§ Activity: Everything in the data must be repeated exactly, apart from the pictures, which are left out.

§ Given data:
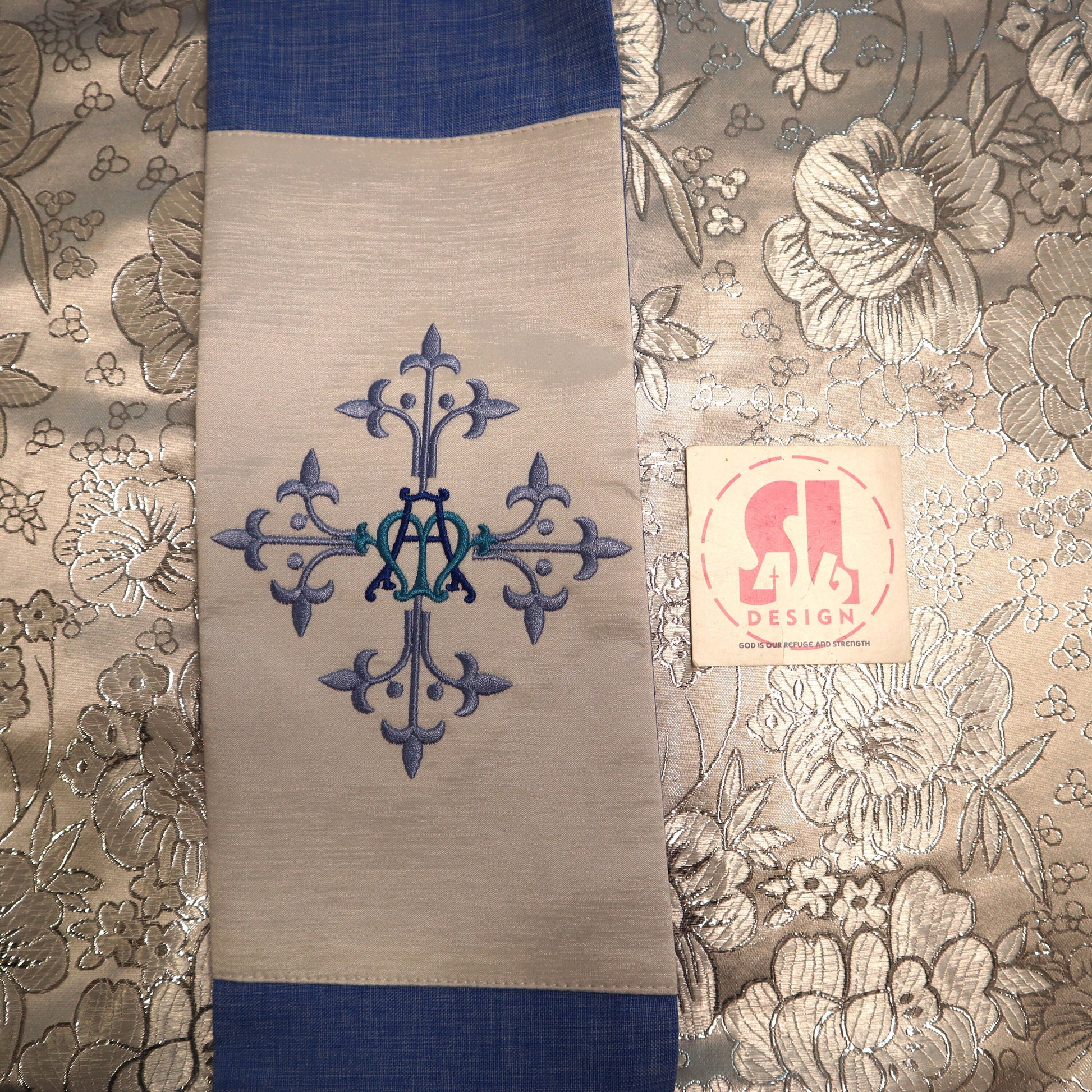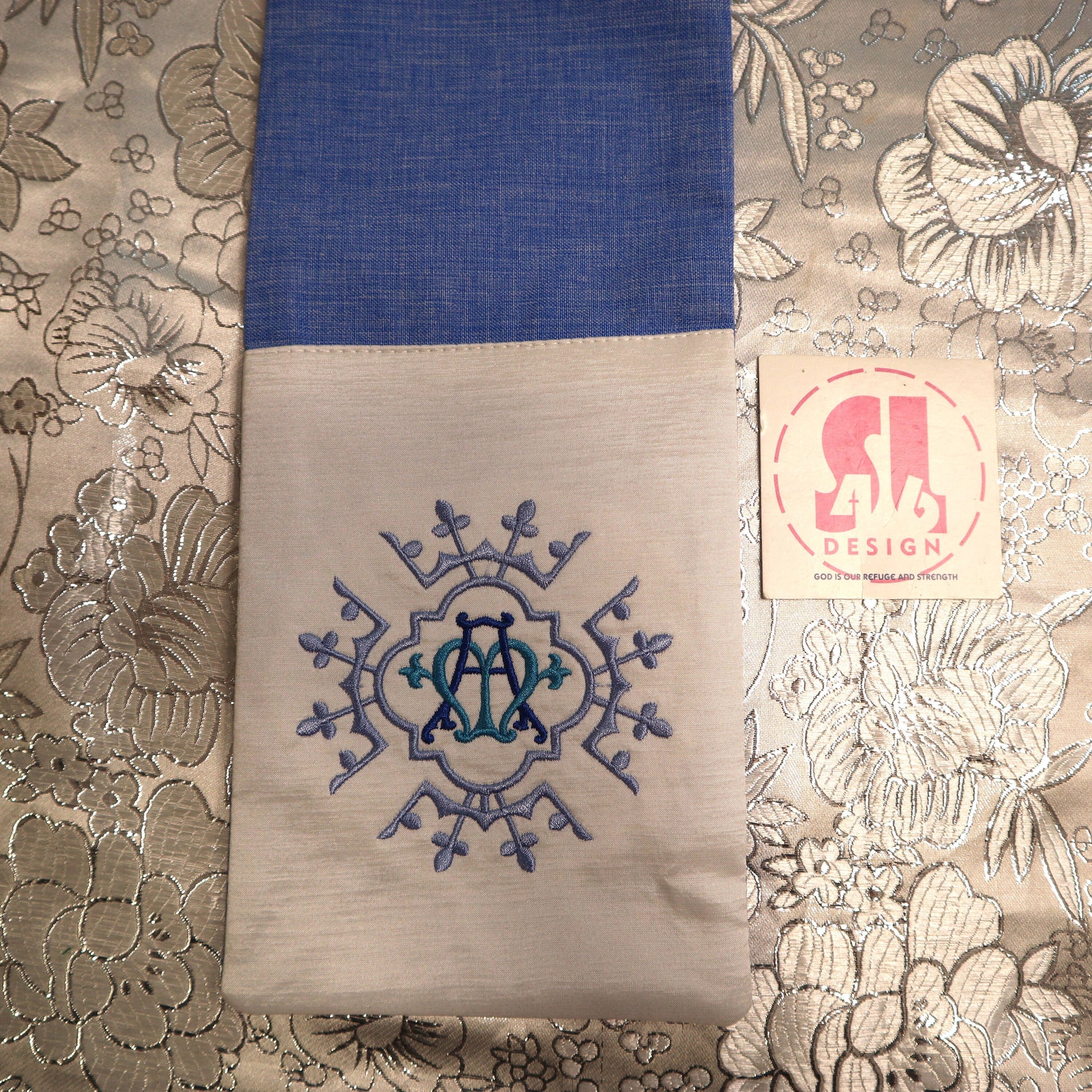 both embroidered designs are sitting on an accent brocade fabric for an elegant touch.
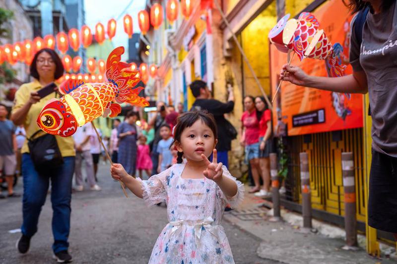 Orang-orang bersenang-senang dalam sebuah parade sembari membawa lampion berbentuk ikan di Kuala Lumpur, Malaysia, pada 18 Januari 2025. (Xinhua/Chong Voon Chung)
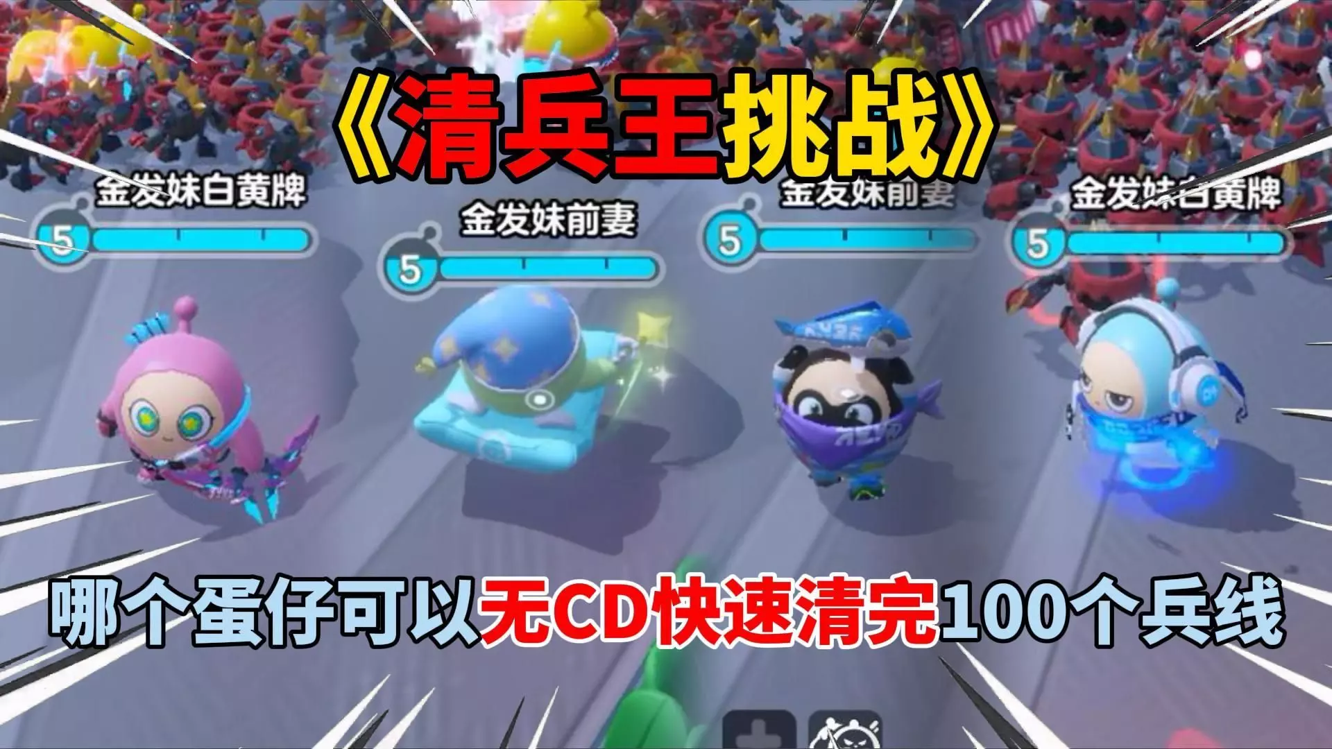 游戏 蛋仔派对:《清兵王挑战》哪个蛋仔可以无CD快速清完100个兵线?
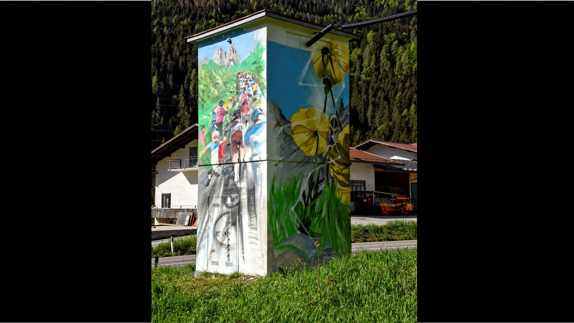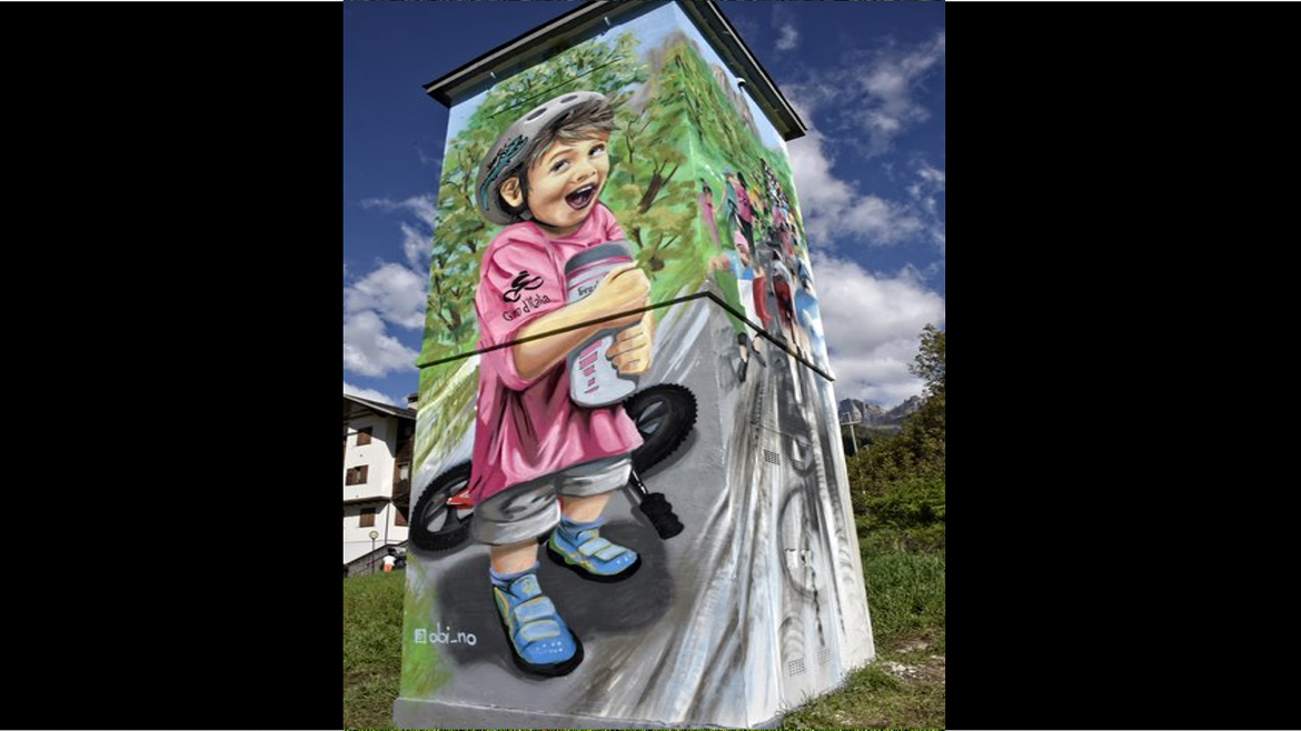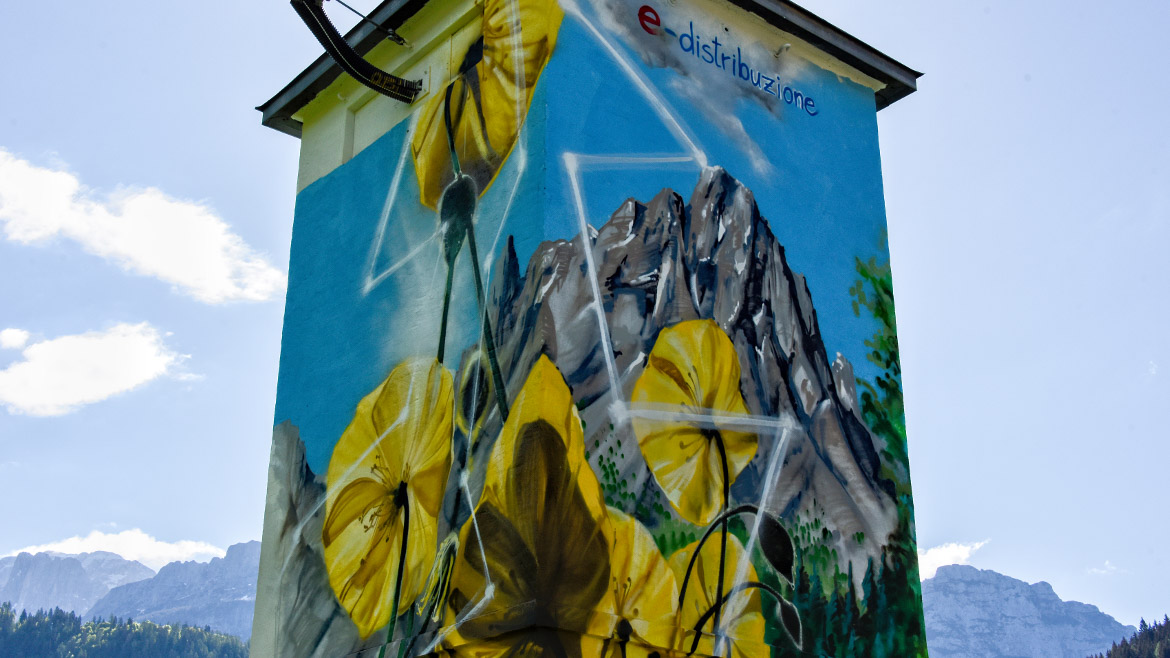 L’artwork è una celebrazione delle Dolomiti. Le due facciate esaltano il paesaggio alpino tipico con il papaver alpinum, specie endemica delle zone, in grado di crescere anche sulla nuda roccia e resiliente come un atleta da Maglia Rosa. Il giallo dei papaveri, la spettacolare luce delle Dolomiti, unica al mondo, richiamano la fluorescenza della rete di energia, rappresentata da fasci di luce bianchi che si sovrappongono al paesaggio, e che iconograficamente simboleggiano la capillarità del servizio di rete di fornitura elettrica nazionale. Sulle altre due facciate un bambino in primo piano spicca tra la folla e i ciclisti: il piccolo tifoso è emozionato a bordo strada, felice per aver appena visto passare il Giro e aver ricevuto una borraccia direttamente dalle mani di uno dei suoi beniamini.
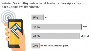 Offener zeigen sich die Befragten allerdings, wenn es um konkrete Dienste der angesprochenen Unternehmen geht wie bspw. Google Wallet oder ApplePay. Hier könnten sich zumindest 41 % vorstellen, ein solches mobiles Bezahlsystem zu nutzen, 9 % würden dies ganz sicher tun, 47 % wollen diese Dienste künftig nicht nutzen.
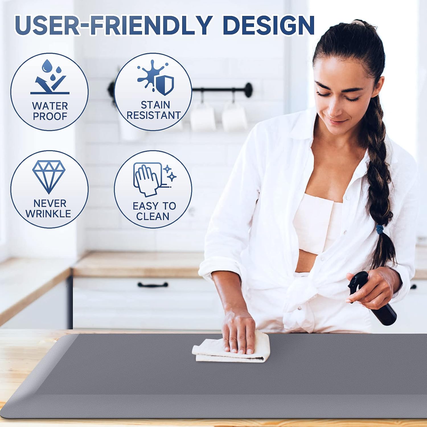 • 【Easy to Clean】The surface is made of premium PVC material, which is water & stain resistant. Water, oil, sauce, or any kind of liquid can be simply wiped off with a damp cloth with no stain residue on the mat
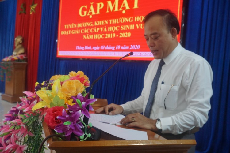 Đến dự và phát biểu chỉ đạo, ông Lê Quang Hạt- Phó Bí thư Thường trực Huyện ủy nhấn mạnh, những thành tích mà các em học sinh của huyện đạt được năm học vừa qua, lãnh đạo huyện Thăng Bình biểu dương tinh thần nỗ lực học tập rèn luyện của các em. Sự chăm lo nuôi dưỡng của các bậc phụ huynh, và các nhà hảo tâm, doanh nghiệp đã đóng góp làm nên thành tích đáng tự hào này. Và những thành tích các em đã được hôm nay vừa là kết quả, vừa là động lực để mỗi thầy cô giáo tiếp tục cống hiến nhiều hơn nữa cho sự nghiệp giáo dục huyện nhà. Ông Lê Quang Hạt cũng tin tưởng học sinh huyện Thăng Bình tiếp tục phát huy truyền thống quê hương anh hùng, cần cù, siêng năng, vượt qua khó khăn để rèn luyện tốt, học tập tốt hơn ở chặng đường tiếp theo.
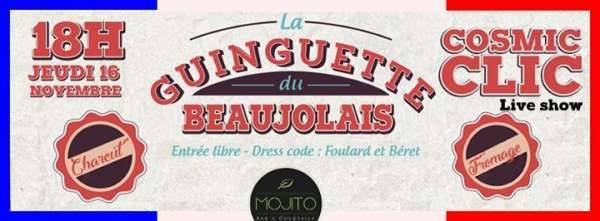 A l’occasion du lancement du Beaujolais nouveau, nous vous invitons le 16 Novembre à découvrir le Mojito Bar en mode guinguette, autour de fromages, de charcuteries avec une ambiance festive et conviviale !
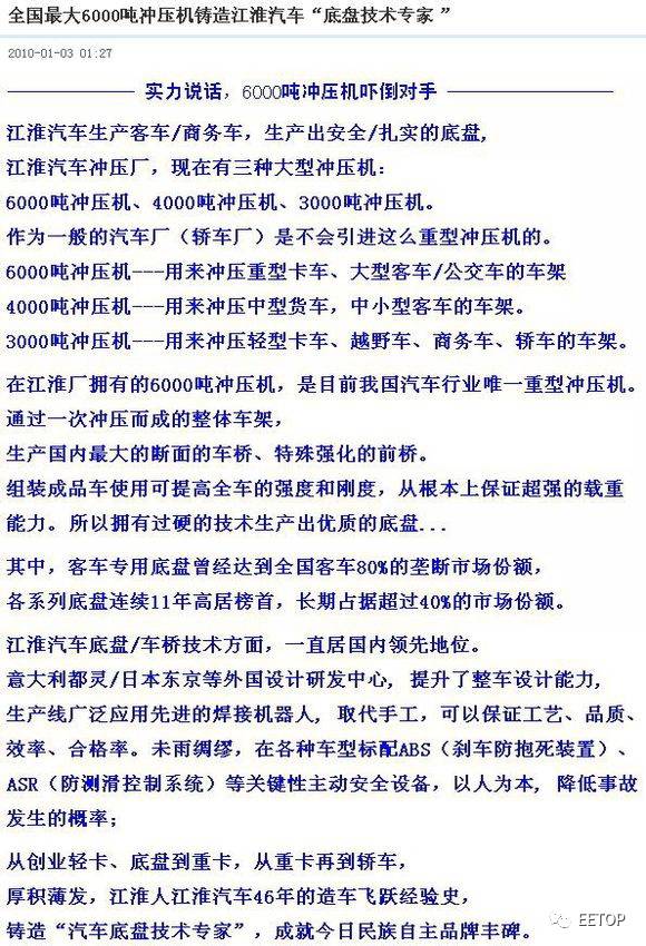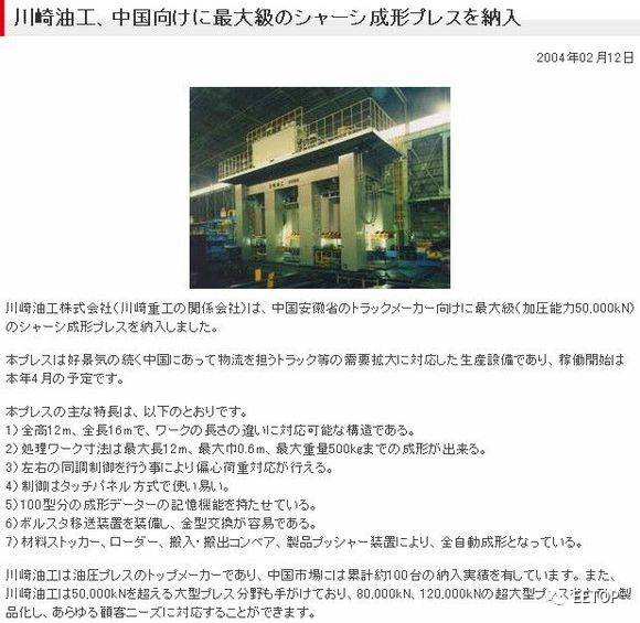 川崎重工旗下附属企业川崎油工自04-2013先后向中国第一大客车底盘生产商——安徽江淮汽车公司提供中国最大的(5000t/6000t)液压式伺服冲压机

§ Written answer:
 both embroidered designs are sitting on an accent brocade fabric for an elegant touch.
 Orang-orang bersenang-senang dalam sebuah parade sembari membawa lampion berbentuk ikan di Kuala Lumpur, Malaysia, pada 18 Januari 2025. (Xinhua/Chong Voon Chung)
 游戏 蛋仔派对:《清兵王挑战》哪个蛋仔可以无CD快速清完100个兵线?
 L’artwork è una celebrazione delle Dolomiti. Le due facciate esaltano il paesaggio alpino tipico con il papaver alpinum, specie endemica delle zone, in grado di crescere anche sulla nuda roccia e resiliente come un atleta da Maglia Rosa. Il giallo dei papaveri, la spettacolare luce delle Dolomiti, unica al mondo, richiamano la fluorescenza della rete di energia, rappresentata da fasci di luce bianchi che si sovrappongono al paesaggio, e che iconograficamente simboleggiano la capillarità del servizio di rete di fornitura elettrica nazionale. Sulle altre due facciate un bambino in primo piano spicca tra la folla e i ciclisti: il piccolo tifoso è emozionato a bordo strada, felice per aver appena visto passare il Giro e aver ricevuto una borraccia direttamente dalle mani di uno dei suoi beniamini.
 Offener zeigen sich die Befragten allerdings, wenn es um konkrete Dienste der angesprochenen Unternehmen geht wie bspw. Google Wallet oder ApplePay. Hier könnten sich zumindest 41 % vorstellen, ein solches mobiles Bezahlsystem zu nutzen, 9 % würden dies ganz sicher tun, 47 % wollen diese Dienste künftig nicht nutzen.
 • 【Easy to Clean】The surface is made of premium PVC material, which is water & stain resistant. Water, oil, sauce, or any kind of liquid can be simply wiped off with a damp cloth with no stain residue on the mat
 Đến dự và phát biểu chỉ đạo, ông Lê Quang Hạt- Phó Bí thư Thường trực Huyện ủy nhấn mạnh, những thành tích mà các em học sinh của huyện đạt được năm học vừa qua, lãnh đạo huyện Thăng Bình biểu dương tinh thần nỗ lực học tập rèn luyện của các em. Sự chăm lo nuôi dưỡng của các bậc phụ huynh, và các nhà hảo tâm, doanh nghiệp đã đóng góp làm nên thành tích đáng tự hào này. Và những thành tích các em đã được hôm nay vừa là kết quả, vừa là động lực để mỗi thầy cô giáo tiếp tục cống hiến nhiều hơn nữa cho sự nghiệp giáo dục huyện nhà. Ông Lê Quang Hạt cũng tin tưởng học sinh huyện Thăng Bình tiếp tục phát huy truyền thống quê hương anh hùng, cần cù, siêng năng, vượt qua khó khăn để rèn luyện tốt, học tập tốt hơn ở chặng đường tiếp theo.
 A l’occasion du lancement du Beaujolais nouveau, nous vous invitons le 16 Novembre à découvrir le Mojito Bar en mode guinguette, autour de fromages, de charcuteries avec une ambiance festive et conviviale !
 川崎重工旗下附属企业川崎油工自04-2013先后向中国第一大客车底盘生产商——安徽江淮汽车公司提供中国最大的(5000t/6000t)液压式伺服冲压机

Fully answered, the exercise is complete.